Tony & Beth

1950.

Tony vinha se preparando para aquele dia desde os seus 15 anos, quando começou a ouvir dos pais que deveria amar uma moça e fazer dela a mais feliz do mundo. Enquanto se preparava, escolhendo sua melhor roupa e passando seu melhor perfume, ele treinava na frente do espelho as palavras que seriam ditas. Ele pegou o carro do pai e foi para a confeitaria em que se encontraria com Beth.
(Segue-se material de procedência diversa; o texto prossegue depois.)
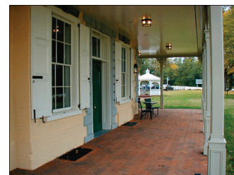
Front of ground-level porch of Belmont Mansion

QUEST FOR FREEDOM —Quilt Workshop and Quilt Exhibit Tour. March 29, 1–3:00 pm. Admission: $ 7 . 0 0

Seguindo os conselhos da mãe, ele apostou em algo simples, como fora com os pais.

Ele chegou bem antes de Beth para finalizar as coisas. Pagou a quantia que faltava para poder usar o local. A grande e farta dona do estabelecimento, Madame Peox, estava animadíssima, parecia que seria com ela. "Me sinto jovem outra vez!", disse, quase em pulinhos. Tony sorriu e se sentou na mesa escolhida. Todos os outros funcionários e clientes que encheram o lugar naquela tarde de domingo, esperavam ansiosos e esperançosos. Enfim, após tomar dois cafés bem fortes e bem doces, Tony percebeu o que as horas diziam: estava quase no momento de Beth chegar.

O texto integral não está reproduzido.